The observation that freshly biopsied muscle strips from patients who have survived malignant hyperthermia were more sensitive to caffeine and halothane in in-vitro challenges compared to muscle strips from patients with no history of malignant hyperthermia prompted the use of in-vitro muscle contracture testing (IVCT) for presymptomatic screening of susceptibility to malignant hyperthermia.3,4 Freshly biopsied muscle strips from the quadriceps muscle, about 2 cm long and 2–3 mm thick, are mounted for measurement of isometric contractions in a tissue bath with an isotonic solution aerated with oxygen containing 5% CO2. Challenging muscle strips with caffeine, halothane and various other drugs in vitro causes a shift of the dose–response curve to the left in specimens from malignant hyperthermia susceptible (MHS) individuals compared to malignant hyperthermia normal (MHN) individuals. This phenomenon is used for diagnostic purposes by setting drug concentration thresholds for abnormal muscle contractures.5 Despite the evaluation of different drugs, caffeine and halothane have remained the ‘gold standard’ for presymptomatic malignant hyperthermia screening for more than 25 years.

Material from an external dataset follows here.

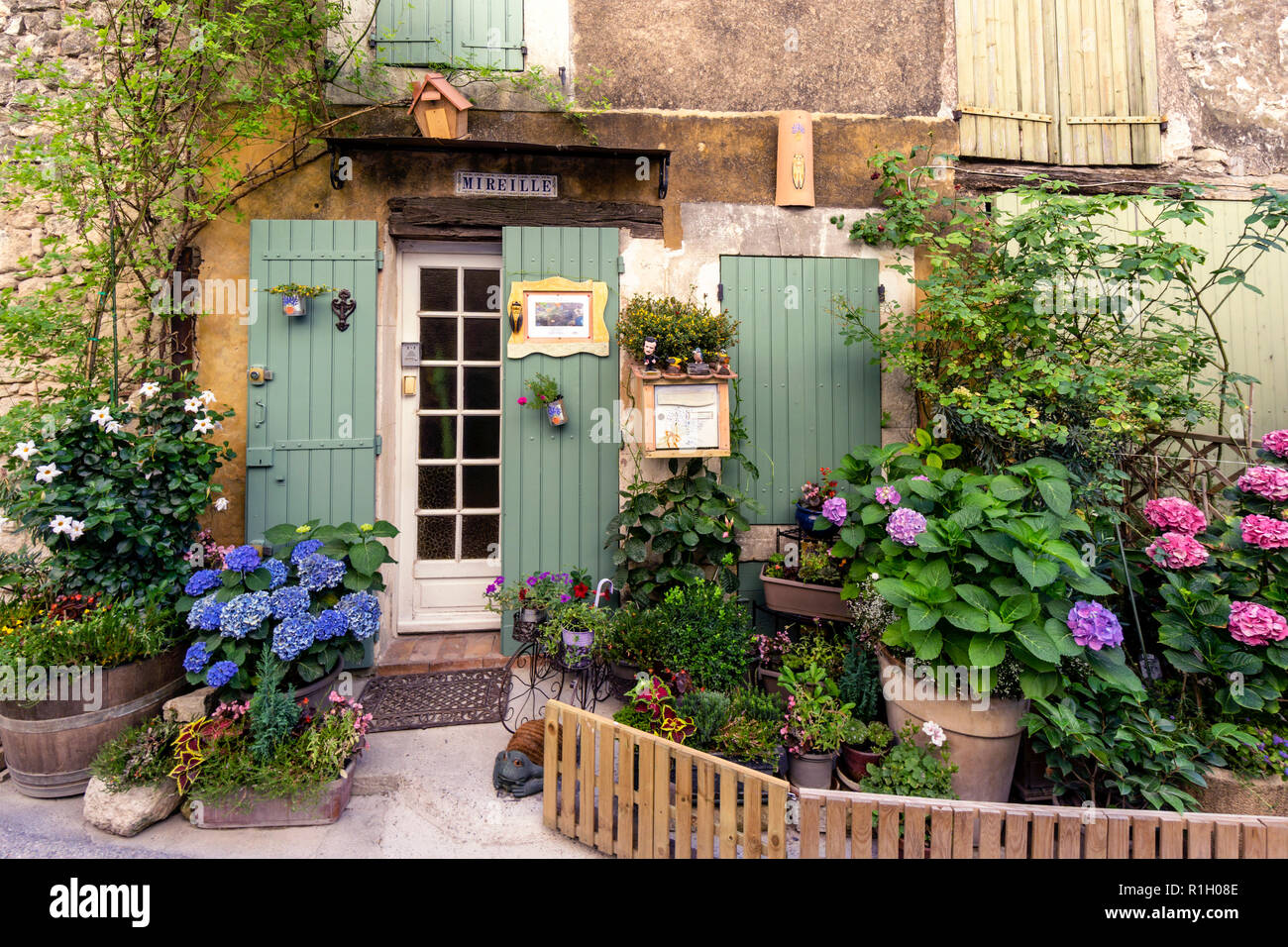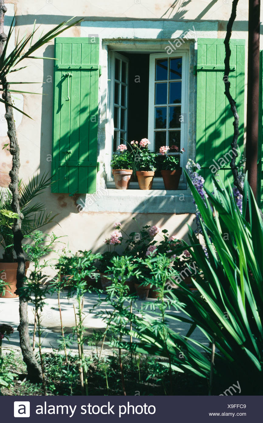 Piccolo Giardino Davanti Casa Provenzale Con Persiane Verdi Sulla

Because the licence for the clinical use of halothane expired in 2005, there is speculation that halothane could become commercially unavailable in the near future. Therefore, Metterlein et al.1 have investigated the commercially available alternative volatile anaesthetics enflurane, isoflurane, desflurane and sevoflurane for their effect on in-vitro muscle contraction. Their data confirm previous research and show that halothane remains the best volatile anaesthetic drug for the in-vitro diagnosis of malignant hyperthermia susceptibility; the best discrimination between contractions of muscle specimens from MHN and MHS individuals was obtained using halothane rather than other volatile anaesthetics, because halothane caused the strongest contractions.

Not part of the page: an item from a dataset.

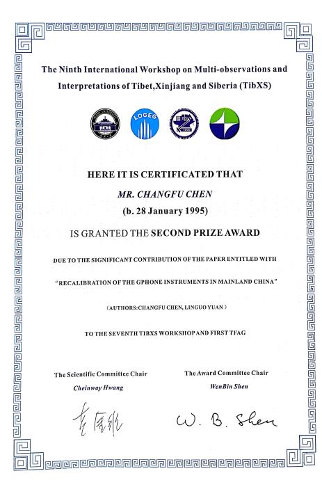 测绘遥感信息系袁林果教授的博士生由晓文、陈昌福和硕士生徐小凤参加本次会议,并分别作了“The sensitivities of ocean tide loading displacements to the upper mantle and crust in Taiwan”、“Recalibration of the gPhone instruments in mainland China”和“Qinghai lake level changes determined by Cryosat-2 altimetry data and its impacts on surface loading deformation”的学术报告,均赢得了会场的热烈讨论和提问。在本次会议中,博士研究生陈昌福获得最佳论文奖,专家学者高度称赞了博士生由晓文和硕士生徐小凤的相关研究工作,并鼓励他们再接再厉,取得更加突出的研究成果。

The clinical usefulness of IVCT has been questioned several times, particularly because the diagnostic sensitivity of the test is only 99%.6 Sceptical anaesthetists and experts will question whether the findings of Metterlein et al. are of any relevance, because they would never use volatile anaesthetics in a patient with even a minimal risk of malignant hyperthermia based on clinical history.7 This group of people would never accept an MHN diagnosis obtained using IVCT as clinically relevant because of the lack of a 100% diagnostic sensitivity. Although this is a safe strategy to reduce the potential risk for a malignant hyperthermia reaction in such a patient, this is not a balanced view of the problem. We use many other biological tests with a much lower level of accuracy, and there are further aspects that must be taken into account if the value of IVCT is questioned.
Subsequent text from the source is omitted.